ITHACA, N.Y. — There are two words to describe Ithaca’s old jobs reports: “phantom jobs”.

If this piece were being written with the original jobs estimates, the numbers, averaged out for the whole year, would look something like this:

Doesn’t look too shabby, right? Now here are the revised numbers:

ithaca jobs 2016 old and revised

When over 7,000 jobs disappear, one tends to want a good explanation. Enter Martha Armstrong, Vice President and Director of Economic Development for Tompkins County Area Development (TCAD). It’s her job to explain the large change that leaves most folks confused and incredulous.

Over the phone, Armstrong chuckled; she was expecting a lot of questions to come her way. But to her, the real news isn’t the large downward adjustment going back decades.

“The news to me is that finally we have the correct numbers in Tompkins County, or certainly closer to the real numbers,” said Armstrong.

The issue has to do with a type of job category called “presumed non-covered“, or PNC. These are jobs that offer no defined benefits package – children working the family business, prisoners stamping license plates, some contractors, and most common to college towns like Ithaca, students performing work-study jobs on campus. These jobs aren’t covered by the Federal Bureau of Labor Statistics’ quarterly wage reports, so they’ve been hard to calculate – for many years, it was left up to individual states to figure it out, and report their results as part of the monthly figures.

New York State’s approach was essentially to assign about 20,000 jobs to Tompkins County. That was it. According to Armstrong, TCAD has always thought that number was unreasonably high.

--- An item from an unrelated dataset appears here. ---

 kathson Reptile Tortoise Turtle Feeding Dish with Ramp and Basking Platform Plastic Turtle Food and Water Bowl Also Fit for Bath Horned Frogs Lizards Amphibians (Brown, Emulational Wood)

“I’ve talked with PhDs who have said that number is awfully big, and other college towns don’t have this huge disparity (between quarterly reports and job counts). They couldn’t figure it out. It turns out the NYS Department of Labor had a formulation that gave us all these extra phantom student jobs. Those PNCs were always just sort of a weird number, and it turns out they were phantom numbers for decades.”

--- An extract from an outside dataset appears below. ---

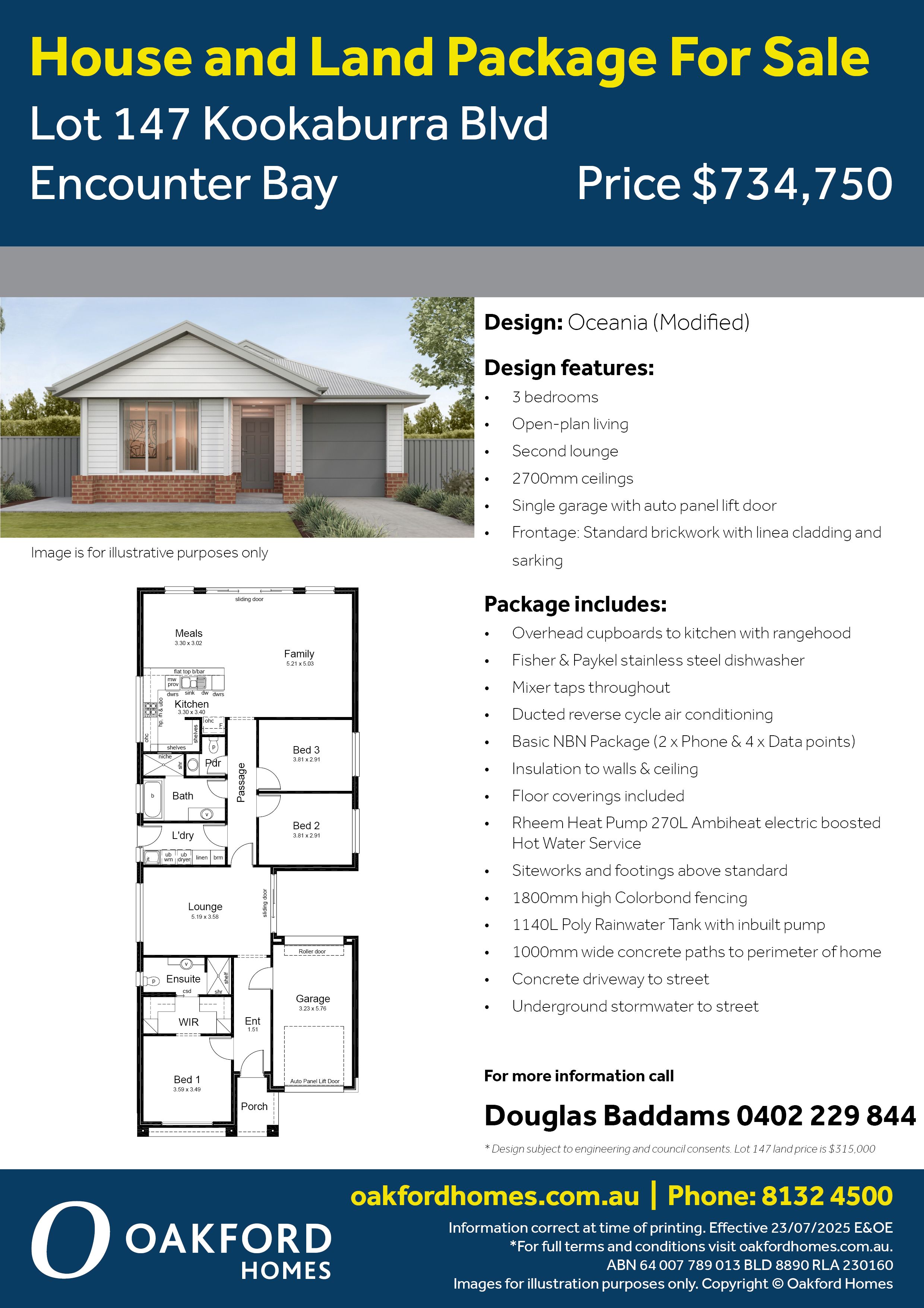 Located in Oakford Estate, Encounter Bay, this package is custom-designed to suit the land. The home offers three bedrooms, an open-plan living zone, a separate lounge, and a single garage.

“The (Federal) Bureau of Labor Statistics has now come up at the national level and said ‘this is the way to model how many students will be working on campus’. Now everybody is getting the same treatment state to state, it’s a consistent methodology across the states. That has caused some pain along the way, but ultimately the statistics are moving in the right direction.”

So the short of it is, it’s not that the county lost 7,000 jobs. It’s that these jobs, mostly student jobs on the college campuses, never existed.

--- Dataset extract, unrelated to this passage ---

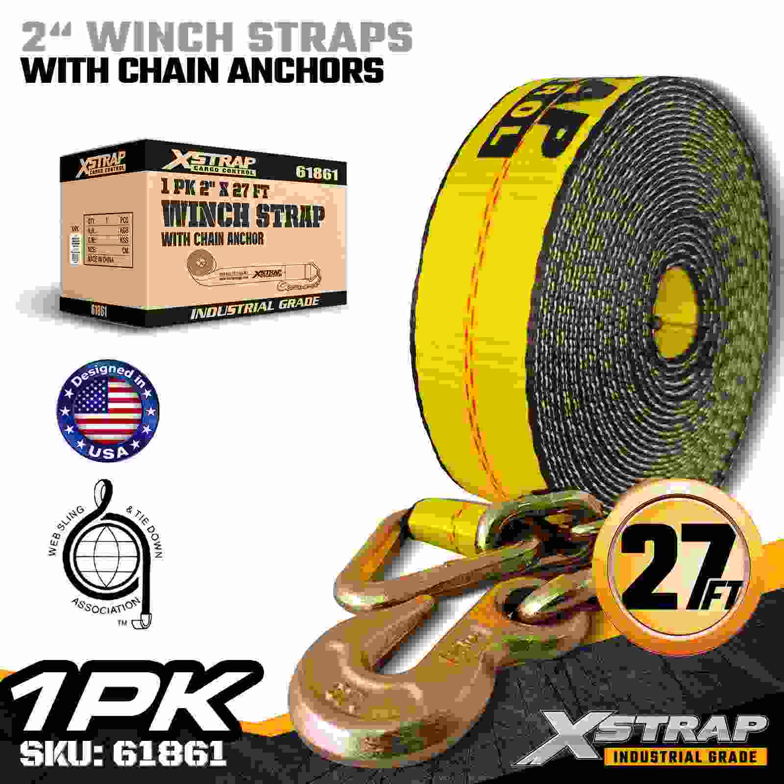 Standardowy pasek do kabestanu 2" × 27 stóp z kotwami łańcuchowymi

On the balance, the numbers still show a similar growth in local employment over the past decade (1.4% per year, now 1.3% per year). But now instead of 1200 jobs added over the past year, it’s 600.

That’s probably going to get revised though. The preliminary numbers for October-December 2016 show very little job growth and even job losses compared to October-December 2015. Yet right after that, January 2017 shows a huge increase of 3,300 jobs from January 2016, a 5.5% increase that is among the top in the nation.

In all reality, the numbers are probably somewhat higher for the last months of 2016, and January 2017’s spike in employment is more modest than it appears. The losses and the huge gain were both tied to the healthcare and education job sector, which is a perennial strong but steady performer. Plus, overall job growth tends to be fairly steady here, as Tompkins County isn’t exactly a boom-bust economy, if one goes by the usual statistics. But, as the state has demonstrated, buyer beware.